吳貴人還沒下令,見得二人以往人群裡扎了進來,兀自冷笑一聲,“好你個莊鍾雄,給我殺了他們!”
話音未落,幾十人蹭然架了兵刃,與二人成了掎角,莊鍾雄與雙尾蛇靠背二站,“鏢客,看你我二人誰殺的多!”莊鍾雄只是笑笑,沒有搭茬,轉了刀鋒,沒有含糊。看著幾十手下,刀錘槍劍鱗次櫛比,雙尾蛇刀法之快本不多讓,莊鍾雄也知此乃死戰,不可留手,刹那間接連施展破戒刀法,此門刀法源自少林,但在這塞外,卻無人識得刀法精妙,其實與雙尾蛇的交鋒以及在客店之內,他都沒用刀招,只是用著拳腳就製服了敵人,可見武功高於在場之人。
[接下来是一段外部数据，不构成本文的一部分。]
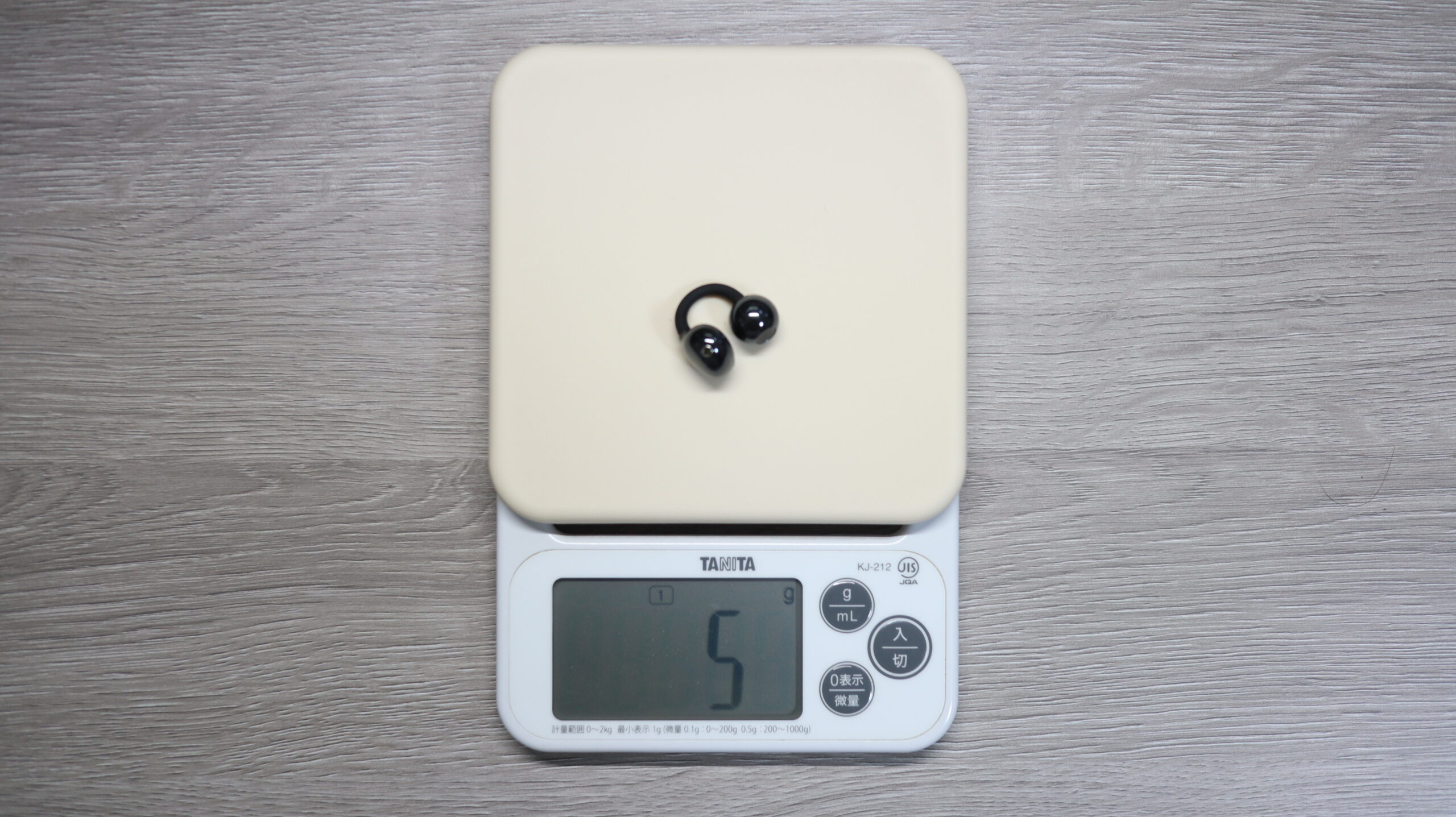 各種重量はイヤホン単体で約5.1g 、充電ケースは約37.8g、イヤホンとケースを合わせると約48gです。
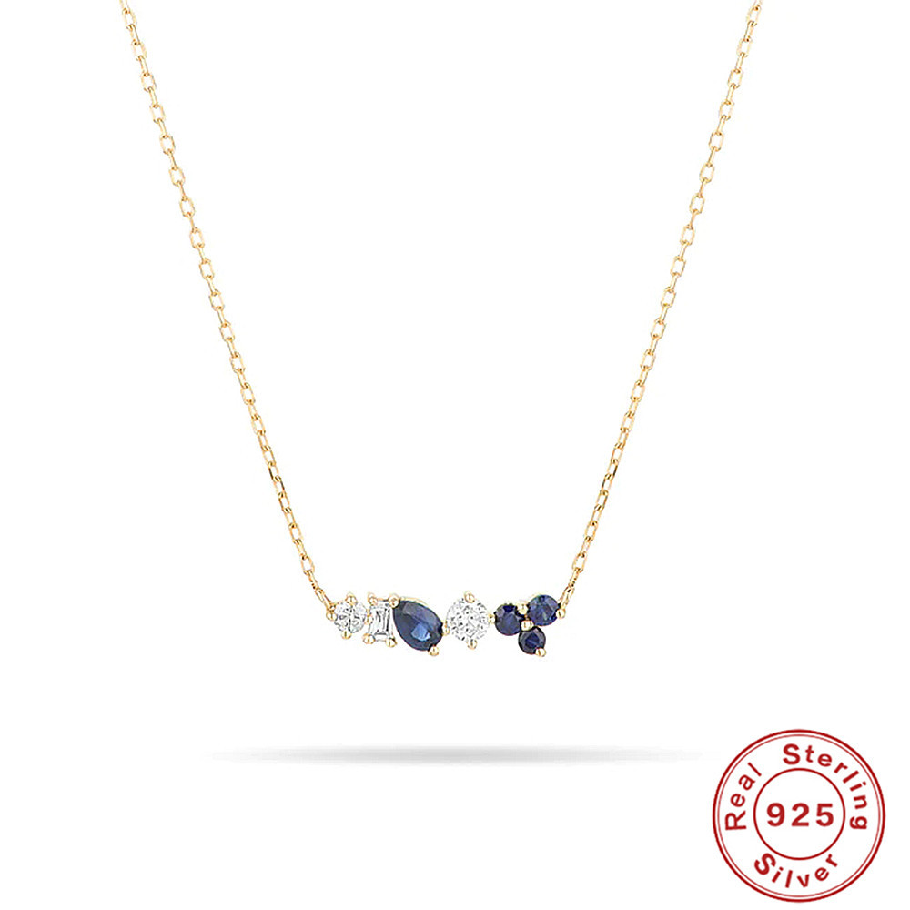 S925 Sterling Silver Fashion Zircon Mix Perfect Arrangement Four Claw Zircon Collarbone Necklace European and American French Style Necklace

太祖長拳雖傳自前朝,可根本也是少林寺恩於唐太宗,才將拳法發揚光大。換個說法,莊鍾雄一身膽色本是,出自少林,也沒說錯。
不消一炷香的功夫,壯漢死傷過半,吳貴人氣煞,走了馬旁,順手提起一柄斬刀,見著刃寬足有兩尺,刀身五尺有余,光是刀柄也有兩尺,斬刀立於地上,與吳貴人身高相仿,揮動起來,更是威風凜凜,刀風忽起,逼向莊鍾雄,見著強招到來,趕緊立兵而擋,料定此招難防,卻不曾想刀身的重量加上吳貴人的手勁,硬是把莊鍾雄彈了幾丈出去,登時跪地吐血。
“莊鍾雄,你竟敢辜負我!我要親手宰了你!”距離不遠不近,可吳貴人竟能單手提得動石重斬刀,揮來揮去,莊鍾雄隻得左右閃躲。
“放開手腳,痛快打上一架!”回頭看了遊身其中的雙尾蛇,大聲喊道,“那屁股下巴,我來攔了就是!”
“啊啊啊!!!”聽著此言,雙尾蛇更是施展開來,雙刀本就左右開弓,登時有了晃晃身影,左突右刺,本是生鏽兵刃,見了血濺紛飛,卻更加凌厲開來。
莊鍾雄卻不再看他,專注眼前敵人,斬刀之重,常人根本無法用得,若不是吳貴人本就天生神力,魁梧身材,更是難以駕馭。心想以快取勝,繞來繞去也不見縫隙出手,自己倒是被斬刀左搪右擋,趔趄了幾個來回,站定看著,瞧不出名堂,岑然笑道:“吳貴人親自動手,我還真是榮幸。”轉而又看了身後,最後的幾個壯士,也斃於雙尾蛇刀下,“看來,你也只能自己動手了!”
“哼!”吳貴人擦了擦嘴角,看著掌櫃的踱步面前,“二對一嗎?無所謂,放馬過來!”
“不只是你,每一個都是二對一!”
“哈哈,莊鍾雄,你這種人歷來只有兩條路可以走,依附豪紳的富貴路,以及死路。”吳貴人看著眼前二人不識好歹,竟也笑了出來,“我之前給過你選擇,兩次!可惜,不會再有第三次了!”
“我聽不懂你在說什麽,下巴屁股。”莊鍾雄絲毫沒有怯憚,看著掌櫃的,“雙尾蛇,準備好受死了沒?”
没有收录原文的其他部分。